Marcus Williamson is a British writer, journalist and campaigner. As an obituarist for The Independent he has written obituaries of more than 300 subjects, including artists, poets, actors and inventors.

Campaigns

Phorm
In 2009 the AIM-listed (since delisted and failed) spyware company Phorm created a website Stopphoulplay.com to attack Williamson and fellow campaigner Alexander Hanff.
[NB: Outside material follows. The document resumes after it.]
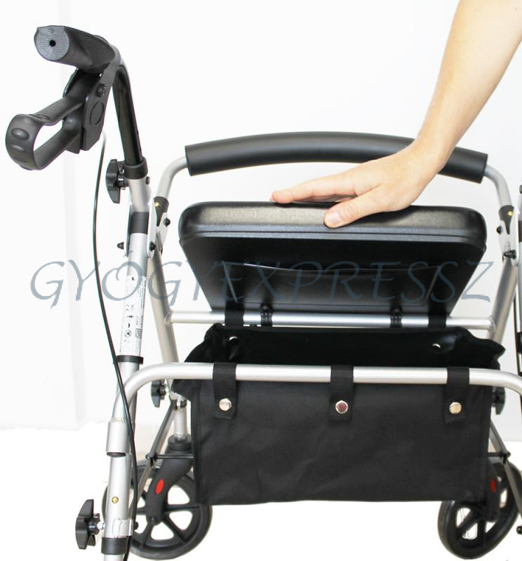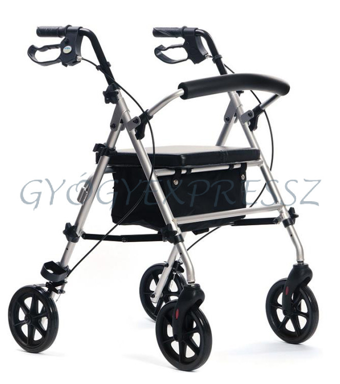 Összecsukható, négykerekű alumínium rollátor, két fix, fékezhető hátsó kerékkel, és két forgó első kerékkel.

The company accused Williamson of '...waging a "serial letter writing" campaign to Phorm's potential customers and partners in attempt to discredit the company and Mr Ertugrul.'   The site was soon taken down and later described as a "PR disaster".

CEOemail.com
He is the editor of the consumer information website CEOemail.com, which provides the email addresses of many company CEOs. The website is free for non-professional users, with a fee for business users for each email address provided.

Bibliography 

 The True Celtic Language and the Stone Circle of Rennes les Bains. 2008. . Translation of an 1886 work by Henri Boudet.
 Claude Cahun at School in England. Self-published, 2011 
 Path. Atelier St Louis Production, 2011. With Jonathan Moss. 
 Rene Halkett: From Bauhaus to Cornwall - Catalogue of exhibition at Falmouth Art Gallery, 2019
 The International Encyclopedia of Surrealism (Bloomsbury Visual Arts, 2019) - Biographical articles on Raymond Roussel, Sarane Alexandrian, Ithell Colquhoun, David Gascoyne and Isabelle Waldberg

References 

Living people
British male journalists
The Independent people
Year of birth missing (living people)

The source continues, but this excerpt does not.